Fue al pasar por un puente de palos, debilitado por la crecida del cauce, cuando ella, que se
había aventurado sola a realizar la travesía, cayó al agua. La estructura del puente se hundió
totalmente, por lo que él sólo pudo sentir, desde la orilla, la súplica de su mirada espantada y
mojada. Eran esos mismos ojos verdes, repletos de agua y de miedo, los que Humberto ya no
dejaría de ver el resto de su vida. Ella no sabía nadar, y, aunque él enseguida se lanzó a las
aguas crecidas, no la pudo encontrar. Cuando se agotó, no quiso dejarse morir, tal vez
posponiendo así entonces esa decisión. Por eso se arrastró hasta la orilla y allí lloró hasta la
extenuación.
El río se mantuvo crecido y rápido durante varios días, quizás por ello nunca la
encontraron. Y Humberto entonces se dejó caer en un pozo oscuro y denso de tristeza y
depresión.
Aunque continuó trabajando en la fábrica, la desolación creciente le fue carcomiendo las
ganas de seguir viviendo. De modo que se le veía cada día más demacrado y hundido. Y al
final, al otoño siguiente, alguien contó que lo vio junto al río. Recortaba con sus manos las
hojas amarillas de los fresnos, antes de echarlas al agua. Aquellas hojas tenían la misma forma
y color que los corazones que él hacía en el taller. Quien lo vio aquella mañana, se acercó para
preguntarle; pero él sólo dijo: “Son para la ondina”.
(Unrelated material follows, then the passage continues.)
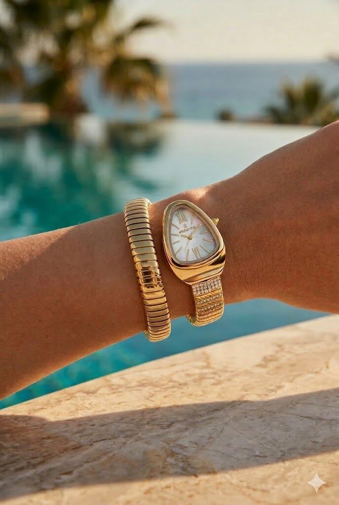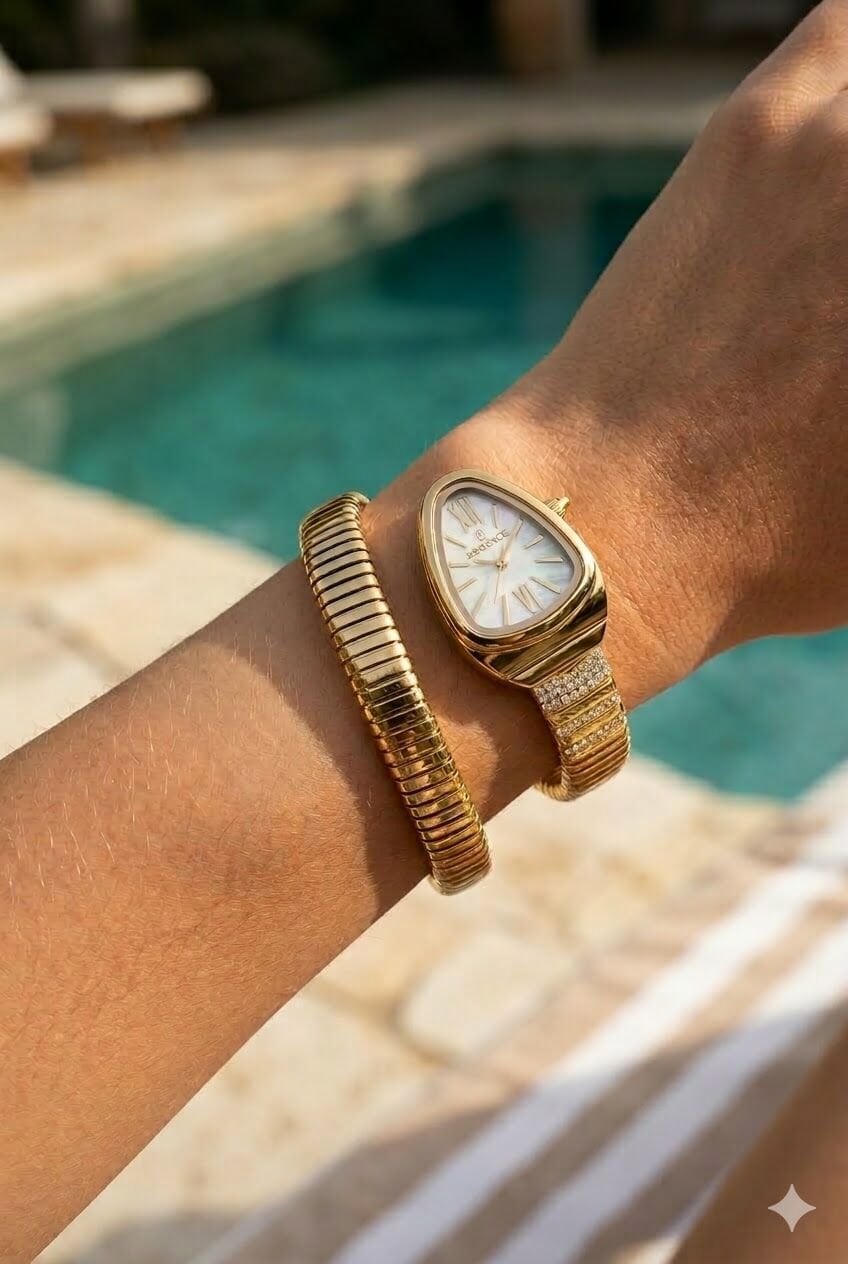 Essence kadın kol saati modern geometrik kasa yapısı ve zarif altın tonlarıyla öne çıkar. Sedef kadran detayı modele feminen ve şık bir görünüm kazandırır. Günlük kombinlerde rahatlıkla kullanılabilen Essence kadın kol saati, aynı zamanda özel günlerde de zarif bir tamamlayıcı olur.Kasa & Cam Yapısı

Algunos días después lo vieron de nuevo paseando por la ribera. Las aguas aquel día
también corrían crecidas. Luego nada más se supo de Humberto el metalúrgico. Lo estuvieron
buscando durante mucho tiempo; hasta que el director de la fábrica decidió escribir al
ayuntamiento de Hannover, para que comunicaran a la familia su desaparición. Algunos dijeron
que tal vez se hubiera marchado lejos, para intentar mitigar la tristeza que allí de continuo le
afloraba por su mirada siempre húmeda y desolada; aunque otros, los más fantasiosos,
estaban convencidos de que se había sumergido junto a la ondina a quien unos días antes le
había regalado varios corazones teñidos de otoño.